Why Advanced Placement?

Concordia International School Hanoi provides a broad listing of Advanced Placement (AP) courses available to qualifying students in grades 10 through 12. AP is a United States program created by the College Board which offers university-level curricula and examinations to high school students. The program is widely recognized by U.S. universities as well as leading universities throughout the world. Most U.S. universities grant placement and college course credit to students who score a three to five on the examinations.

One of the advantages of AP is it allows flexibility for both the student and the teacher. Teachers are able to challenge students who want to move faster, and for schools to offer a more broad range of applied learning classes, which support university and life-long learning. 

Hear what some of Concordia’s experienced instructors say about the Advanced Placement curriculum:

Dr. Santos 

In AP Computer Science A, a teacher can submit his or her own syllabus. The teacher ensures that the syllabus covers the main topics but this flexibility allows the teacher to go as deep as wanted on each topic. For example, at the beginning of the semester, I introduce topics about computers and the internet that are not required. We also discuss current events about technology, robots, AI, ethics, etc. If there are students with experience in programming, I usually create different and more challenging assignments for them. If a Computer Science student is also enrolled in STEAM Lab, I also provide her or him opportunities to apply, practice, and expand their programming skills during this hands-on class.

Ms. Clifford

The AP model gives schools the opportunity to run unique programs, whereas IB offers far less flexibility. In the AP program, students have a chance to earn a lot more college credits, they can really load up in areas of interest.....e.g. take both AP Statistics and AP Calculus. The courses can be taken in Grades 10, 11, and 12 so students can take a wider variety of AP courses and can also take courses "beyond" or outside the AP model, such as Multivariable Calculus, Big Data or Robotics. The same student in IB would only be able to take one two-year math course.  

Ms. Kahre

Over 30 years in the classroom, I have taught AP World, AP US , AP Macro, AP Micro, AP Comparative Gov, and AP Government. I also have had two children go through the AP exam experience in Science, Math, English, and Foreign Language. The power behind the AP courses is the ability for a student to push themselves beyond their comfort zone for learning, and grow tremendously in the process of how to learn. These courses challenge students beyond where a normal high school class takes students, and gives them an opportunity to push the boundaries of their learning. The courses teach some amazing content, and they carry skills and expectations for independent student learning at the college level so that even the brightest high school student is challenged. 

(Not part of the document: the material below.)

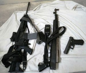 Los policías rescatan a las tres personas privadas de la libertad y aseguran en el sitio 135 tiros para rifle AR-15, 17 municiones para 9 milímetros, 5 cargadores para rifle AR-15, 3 cargadores para rifle AK-47 (cuerno de chivo), un cargador para arma 9 milímetros, un radio marca Motorola ,83 tiros para rifle AK-47, una pistola glock 17 de manufactura austriaca, un rifle AR-15 color negro calibre 223 con mira telescópica y un fusil AK-47 color negro con cachas de plástico, un cuchillo con mango de plástico así como chalecos, botas y vestimenta camuflageada tipo militar.

I have seen very bright students who do not have to study much to get an "A" in a regular or honors course in high school; but, when they go to college, they struggle or fail because they have not learned the necessary skills of how to learn. They haven’t learned to study independently. They have not mastered organizational skills, learned workload time management, how to take notes, how to prepare for cumulative exams by being able to retain knowledge, or how to ask questions to gain a deeper understanding. The AP program intrinsically teaches students how to learn effectively, which carries over to university and even life-long learning.

Mr. Richmond

While IB is a comprehensive program, a student is locked in for two years and its timing and assessments are preset.  IB is an option for schools who need a plug and play curriculum, but if a school has highly motivated and high achieving teachers, the flexibility within the AP curriculum gives the capacity and flexibility to offer many amazing applied learning classes and electives.  For example, Concordia offers applied learning electives like Big Data Analytics, and creative writing classes like Poetry, and a Social Justice with an English crossover class; the constraints of IB would not allow for these additional offerings.  

Concordia International School Hanoi and Concordia Shanghai have sent students to present papers at Big Data conferences, some of which have been published. These opportunities open in the AP curriculum, because of the flexibility.  

While in IB, classes must move together as a whole, AP allows teachers to add extra rigor for exceptional students who need additional challenge.

The AP program allows students to choose a program that best suits their goals and interests, whether a focus on math or the humanities, a blend of the two, or even just trying one AP course. 

Concordia also offers upper level university mathematics courses, Multivariable Calculus and Linear Algebra, for students who advance beyond the AP offerings.

And by taking an AP course load that includes at least five AP mathematics courses, Concordia students can earn a Mathematics Minor through Concordia University Nebraska. 

“I would recommend getting a Math Minor for those who really want to learn something and challenge themselves,” said recent Concordia graduate Rachel.

“I want to apply those mathematical skills and knowledge into some research or other STEM fields like health, informatics or forensic sciences. Then I want to use these meaningful data analytics skills to figure out some trends or some social problems, and find solutions to those problems in society.”

Advanced Placement (AP) is a United States program created by the College Board which offers university-level curricula and examinations to high school students. The program is widely recognized by US universities as well as universities throughout the world. Most US universities grant placement and course credit to students who score a three to five on the examinations.